Top of GIVEN INFORMATION

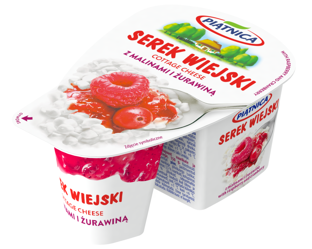 twaróg ziarnisty, śmietanka pasteryzowana, wsad malina z żurawiną (cukier, malina 3,5 % w serku, żurawina 3,5 % w serku, zagęszczony sok z cytryny, naturalne aromaty), sól.
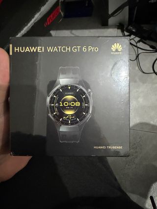 Totalmente nuevo!! Precintado, con factura de compra! Reloj inteligente Huawei Watch GT 6 Pro. - Diseño elegante en negro y dorado. - Pantalla con detalles en dorado.
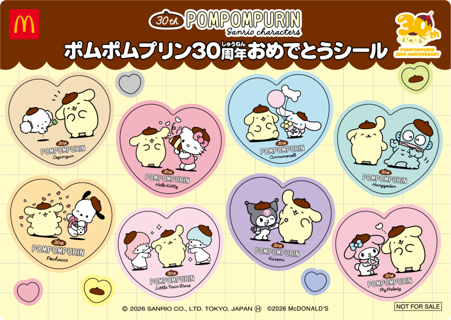 さらに、4月11日(⼟)・12日(日)の2日間は、ハッピーセット「トミカ」を1セットご購⼊につき「トミカスペシャルDVD2026」を、ハッピーセット「サンリオキャラクターズ」を1セットご購入につき「サンリオキャラクターズ×マクドナルドシール」をプレゼントいたします。4月25日(⼟)・26日(日)の2日間は、ハッピーセット「トミカ」を1セットご購⼊につき「トミカ プレイングシート&トヨタガズーレーシングGR GT3ポスター」を、ハッピーセット「サンリオキャラクターズ」を1セットご購入につき「ポムポムプリン30周年おめでとうシール」をプレゼントいたします。
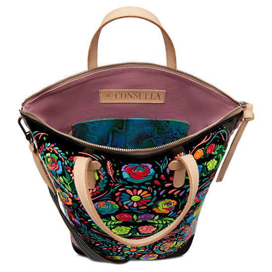 - 10 ¼” (W at the base), 14 ½” (W at the top) x 13” (H) x 6 ¾” (D), 13”-22 ¾” adjustable crossbody strap drop
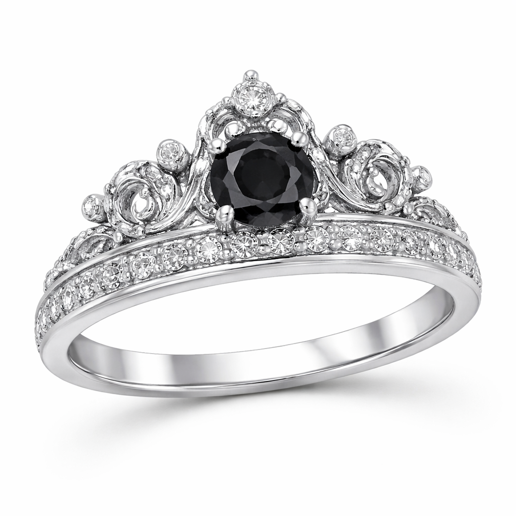 A classic women's ring made of silver with diamond stones suitable for daily wear. estilo coroa com pedra central preta, classic style
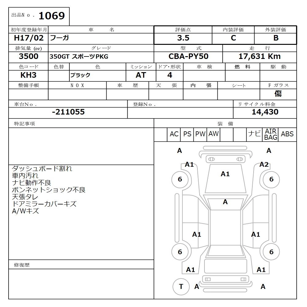 | 350GT STYLISH BLACK LIMITED | CBA-PY50 | VQ35DE(NEO) | FR | 5AT | 3498cc | 280ps(206kW)/6200rpm | AИ-95 | 4 383 750 | |
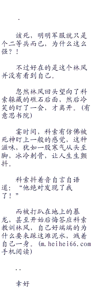 接着少将让林风进入小屋,然后按下墙上一个按钮,林风在机关的轰鸣声中离开了这个秘密训练场。
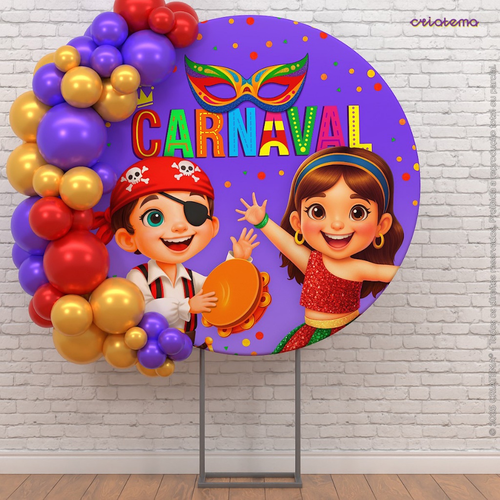 Painel Redondo Carnaval Em Tecido 1,50m Decoração de Festa Com Elástico Sublimado

Bottom of GIVEN INFORMATION

§ EXERCISE AIM
Please copy exactly the lines from the one containing "A classic women's" through the last line of the records, both ends included, and leave out any pictures.

§ ANSWER SECTION
 A classic women's ring made of silver with diamond stones suitable for daily wear. estilo coroa com pedra central preta, classic style
 | 350GT STYLISH BLACK LIMITED | CBA-PY50 | VQ35DE(NEO) | FR | 5AT | 3498cc | 280ps(206kW)/6200rpm | AИ-95 | 4 383 750 | |
 接着少将让林风进入小屋,然后按下墙上一个按钮,林风在机关的轰鸣声中离开了这个秘密训练场。
 Painel Redondo Carnaval Em Tecido 1,50m Decoração de Festa Com Elástico Sublimado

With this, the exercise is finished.